Druggable Host Gene Dependencies in Primary Effusion Lymphoma

Neil Kuehnle 1, Eva Gottwein 1,*
PMCID: PMC10043043  NIHMSID: NIHMS1849863  PMID: 36182745

Abstract

KSHV causes primary effusion lymphoma (PEL). Here we review what is known about human gene essentiality in PEL-derived cell lines. We provide an updated list of PEL-specific human gene dependencies, based on the improved definition of core essential genes across human cancer types. Requirements of PEL cell lines for IRF4, BATF, CCND2, CFLAR, MCL1 and MDM2 have been confirmed experimentally. KSHV co-opts IRF4 and BATF to drive super-enhancer (SE)-mediated expression of IRF4 itself, MYC, and CCND2. IRF4-dependency of SE-mediated gene expression are shared with Epstein-Barr Virus (EBV)-transformed lymphoblastoid cell lines (LCLs) and human T cell leukemia virus type 1 (HTLV-1)-transformed adult T-cell leukemia/lymphoma (ATLL) cell lines, as well as several B cell lymphomas of non-viral etiology. LCLs and ATLL cell lines similarly share dependencies on CCND2 and CFLAR with PEL, but also have distinct gene dependencies. Genetic dependencies could be exploited for therapeutic intervention in PEL and other cancers.

Introduction

Primary effusion lymphoma (PEL) is a rare complication of infection by Kaposi’s Sarcoma-associated herpesvirus (KSHV or human herpesvirus 8), accounting for 3–4% of non-Hodgkin lymphomas (NHLs) in human immunodeficiency virus (HIV)-infected patients and <1% of NHLs in HIV-negative patients [1,2]. Since we can only cite the most pertinent references here, we also refer the reader to recent reviews of PEL and KSHV oncogene expression [3,4]. PEL tumor cells are infected by KSHV and lack expression of typical B cell markers or immunoglobulins (Igs), but their expression of plasma cell markers (IRF4, CD138), mRNA expression profiles, rearranged Ig loci and marks of somatic hypermutation indicate a relatively mature post-germinal center B cell origin. The rarity of PEL suggests that KSHV infection and immunodeficiency alone are insufficient for lymphomagenesis. Accordingly, de novo infection of primary human B cells by KSHV does not readily lead to immortalization. Likely cofactors for the development of PEL are co-infection by Epstein-Barr virus (EBV) and cellular driver mutations. Indeed, EBV co-infection is observed in most PEL tumors and evidence for cooperative B cell transformation by EBV and KSHV has been reported in vitro and in vivo [58]. A comprehensive understanding of cellular mutations in PEL based on genome or exome sequencing, similarly to other lymphomas, has not yet been achieved, due to the rarity of PEL. However, genomic studies support a role for cellular mutations in PEL lymphomagenesis [9,10]. Moreover, mutations in the tumor suppressors p53, PTEN, and RB, among other genes, have been observed in PEL-derived cell lines and/or individual PEL tumors [1113]. PEL is currently treated by chemotherapy, similarly to other non-Hodgkin lymphomas. The reported median overall survival of PEL patients remains below 2 years [14].
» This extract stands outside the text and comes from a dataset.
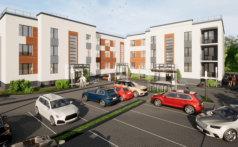 Фасады оформлены с использованием декоративной штукатурки и акцентных элементов, а входные группы располагаются на уровне земли, обеспечивая безбарьерность.

KSHV gene expression is essential in PEL-derived cell lines

KSHV encodes more than 100 proteins and non-coding RNAs as part of latent (constitutive) or lytic (inducible) gene expression programs. Latency is a viral maintenance state, where gene expression is restricted to several latent genes. The KSHV lytic gene expression cascade is initiated by a single viral transcription factor and culminates in virus production. The majority of PEL tumor cells are latently infected. The latent nuclear antigen (LANA) is expressed in all tumor cells, where it maintains the episomal KSHV genome during cell division and has additional oncogenic roles, including inhibition of p53 [11,15]. Aside from LANA, the major latency locus encodes a dicistronic mRNA for viral homologs of cyclin D2 (vCYC) and FLICE inhibitory protein (vFLIP), pri-miRNA precursors for >20 KSHV miRNAs, and mRNAs for Kaposin proteins. PEL tumors and cell lines also express a viral homolog of interferon regulatory factors (vIRF3) from a separate genetic locus [16]. EBV gene expression in EBV+ PEL follows the latency I program, with expression of the EBV nuclear antigen 1 (EBNA1), the EBER1/2 non-coding RNAs, and multiple miRNAs. EBNA1 functions to maintain the EBV genome, similarly to KSHV LANA. Roles of the KSHV latency genes have been inferred from loss-of-function (LOF) gene dependency studies in PEL cell lines and gain-of-function ectopic expression studies in in vitro and in in vivo models. Specifically, knockdown of LANA, the vCYC/vFLIP dicistron, or vIRF3 impairs survival of PEL cell lines [17,18]. The role of the KSHV miRNAs in PEL is poorly understood, but there is evidence that some miRNAs promote PEL cell viability and/or proliferation [19,20], including miR-K11, a viral mimic of the B cell oncogene miR-155 [21,22]. Ectopic expression of LANA, vFLIP, miR-K11, or the full latency locus induces lymphoproliferative phenotypes in mice [2325], further supporting their critical role in PEL. Evidence for a dependency on EBV gene expression in EBV+ PEL cell lines comes from a recent study that showed that targeting EBNA1 by CRISPR/Cas9 impaired PEL cell survival [26].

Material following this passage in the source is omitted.